The (not so) Great Race

I could have used this knee brace.

I could have used this knee brace.

Saturday morning, race day. An alarm wakes me up at 6:45 a.m. I hit snooze. Again it goes off, telling me it’s 6:55 a.m. Time to wake and run Eppie’s Great Race.

I brush my teeth, put on my race jersey, the number 11 bib safety-pinned to the front. Shorts, socks, running shoes, timing chip—I put all those on, too. It’s a cool morning, 7:15 a.m. The race starts in 45 minutes and I have home-court advantage, in the sense that this is my usual running route. I’ve done it hundreds of times in the last few years. So many times, in fact, that my foot started hurting after logging hundreds of miles, and then my left knee. It was so bad, I had to quit running for a year.

Then last month, my dad invited me to join Eppie’s with Try for Others, a local team in the adaptive division for disabled athletes. I tried the route once, and with only minimal knee pain afterwards, I agreed to run.

Disabled athletes have long thrived at Eppie’s. With the help of guides, Harry Cordellos, a blind athlete from Texas, finished the race in 1976. Local paraplegic Mark Wellman completed the race in 1993 without any assistance.
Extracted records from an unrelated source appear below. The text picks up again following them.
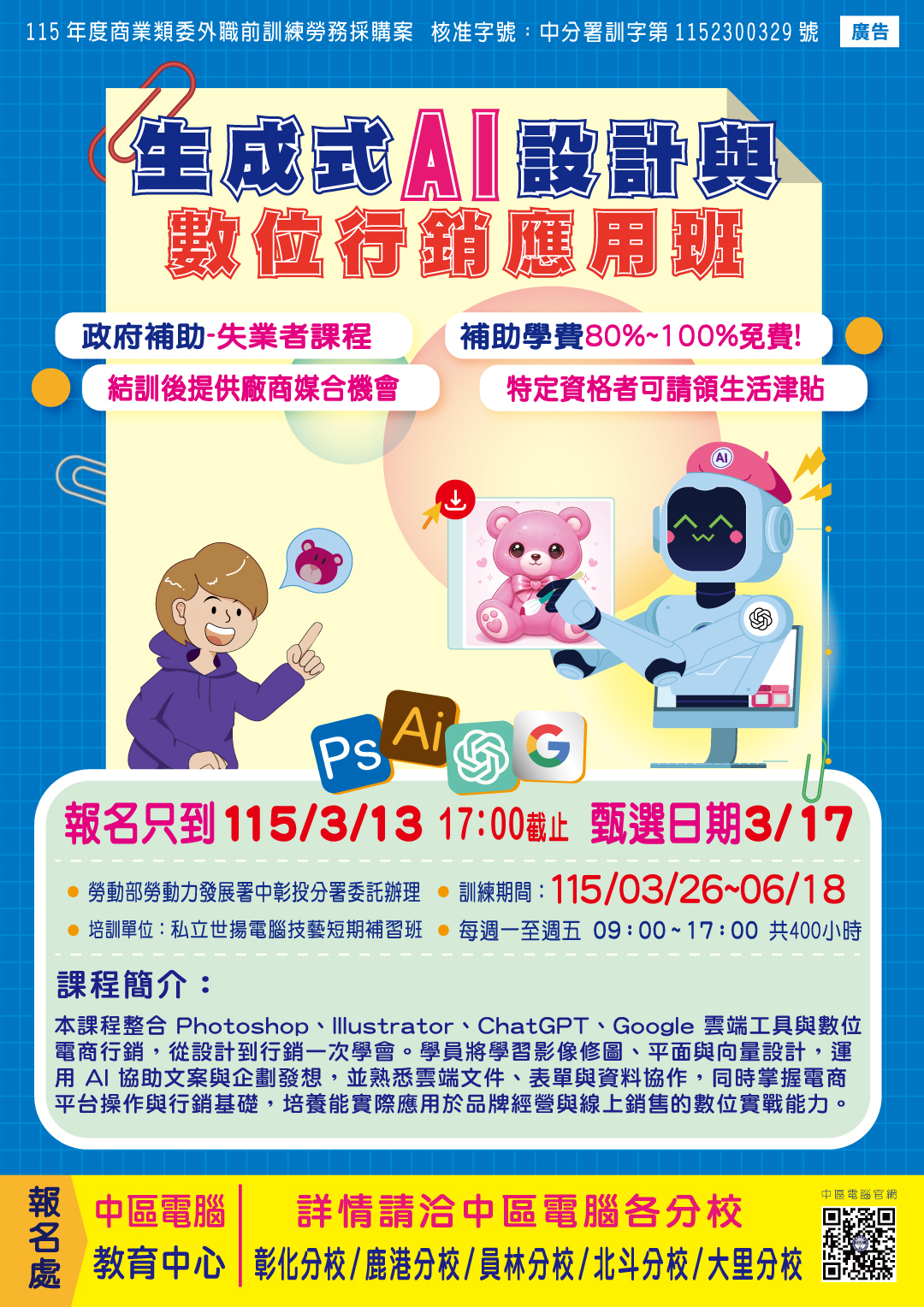 【彰化職前】生成式AI設計與數位行銷應用班【3/13截止報名】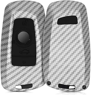 kwmobile Accessoire Clé de Voiture Compatible avec BMW (Keyless Go Uniquement) 3-Bouton - Coque de Protection en Plastique Rigide Carbone argenté
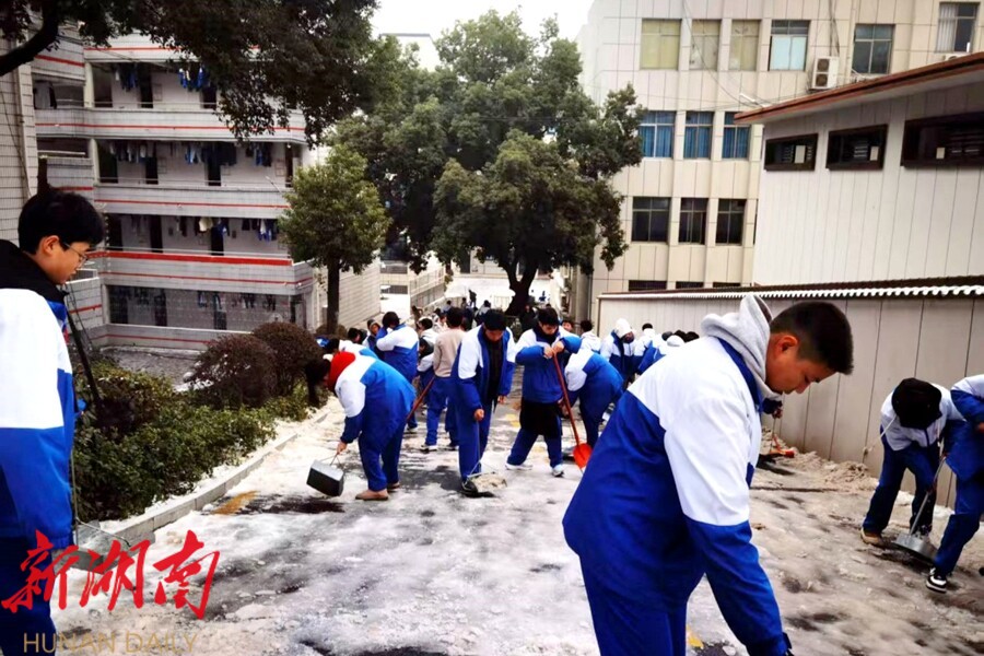 视外桃源客户端1月21日讯(通讯员:张丽玲)“高三教学楼走廊湿滑”,“办公楼前台阶结冰”,“主干道坡路车辆易打滑” ,桃源二中学校工作群里不断闪烁着风雪天气安全隐患的信息,学校主要负责人紧盯着工作群,镇定自如的发布指令,开启了一场与风雪搏斗的安全保卫战。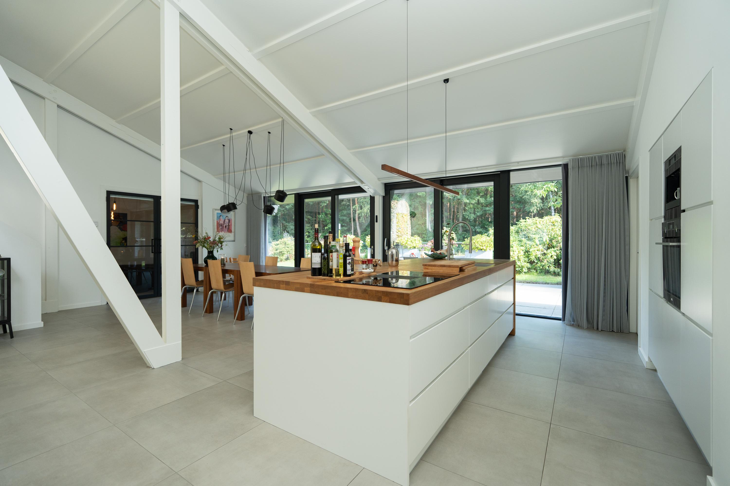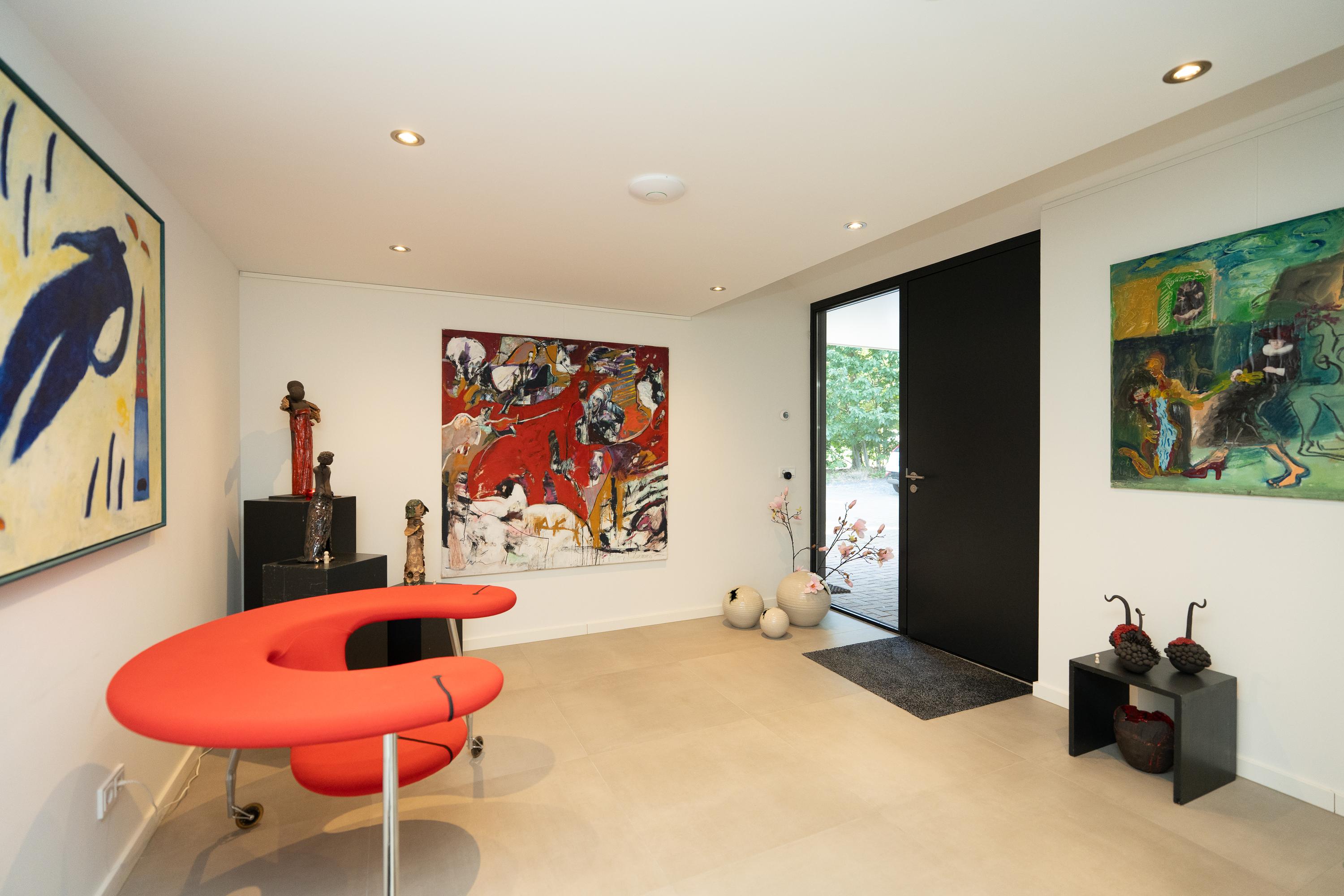 Entree, royale hal die gelijk het ruimtelijke karakter van de woning benadrukt. In de hal bevinden zich de meterkast, vliering en het eerste toilet met fonteintje. Een ruime woonkamer met hoge nok, waar de vele ramen aan alle zijden zorgen voor een prachtige lichtinval en een open sfeer. Zowel aan de voor- als achterzijde zijn er schuifpuien naar de voor- en achtertuin. Verder is er nog een ruime inpandige berging onder de trap en de trapopgang zelf is fraai weggewerkt. Moderne open keuken met een groot kookeiland. De hoge kasten zijn fraai weggewerkt in de muur en de keuken is voorzien van diverse luxe inbouwapparatuur. De bijkeuken is gesitueerd aan de voorzijde van de woning en heeft een keukenblok, opstelling van de warmtepomp en boiler en een extra buitendeur.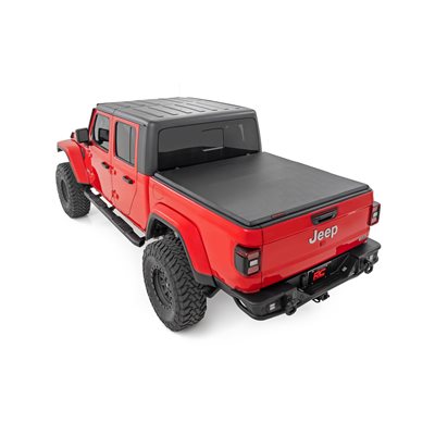 Want to streamline your ride and protect your gear from the elements? Look no further than Rough Country's Tri-Fold Vinyl Tonneau Cover! With its durable construction and easy installation, it's the perfect addition to any truck.Tri-fold Design for Style and Efficiency: This tonneau cover folds up in three sections for easy access to your bed whenever you need it. Need to haul a large item? Simply fold back a panel. When everything's loaded up, unfold it completely for a sleek look that can also improve your gas mileage.Security & Weatherproof Seal: Sitting firmly on the bed railing and featuring a heavy-duty vinyl construction with an all-weather seal, our tri-fold cover keeps your gear safe from prying eyes and the elements.Durable Construction: Crafted with a lightweight 6061 aluminum frame, this cover is tough enough to handle whatever rough terrain you throw at it while keeping your gear safe and sound.Effortless Installation: Our cover comes completely assembled in the box, no loose parts, no tools required. Thanks to our patented quick clamp system, you'll be ready to hit the road in no time.Protect your gear and streamline your ride with Rough Country's Tri-Fold Vinyl Tonneau Cover!

My dad, along with a number of wheelchair users on team TFO, would take the second leg of the race on custom handcycles. With those guys in mind, how could I chicken out with dull knee pain?

My job was to cover the running portion of the race, hand off the timed racing chip to my dad, and a third team member, a guy named A.C., would kayak the last leg of the triathlon.

My backyard gate opened out to the levy, the same one that I’d be running for most of the 5.8-mile run. Someone was already warming up on the levy. I jogged up over it, another 200 paces, and met my teammates who were congregating around the starting line.

Minutes later, the race started. For logistical reasons, the adaptive division started at 7:58 a.m., two minutes ahead of the rest of the field. My two-minute lead didn’t last long, probably not even three minutes. For the next 50 minutes, racers passed me left and right. About 30 minutes into the race, just minutes after the fastest runners had already finished (running at a pace twice as fast as me), I started to feel the familiar dull knee pain. Thankfully, there were now several blooming blisters on both feet, a new sharper pain that made it easier for me to tune out my long-term knee injury until I crossed the finish line.

I crossed at the one-hour mark, rushed over to my dad and passed him the timing chip. Our team of three would eventually finish in 15th place in the adaptive division out of 16 teams.

Overall, we finished in 328th place out of 374 teams. So much for home-court advantage.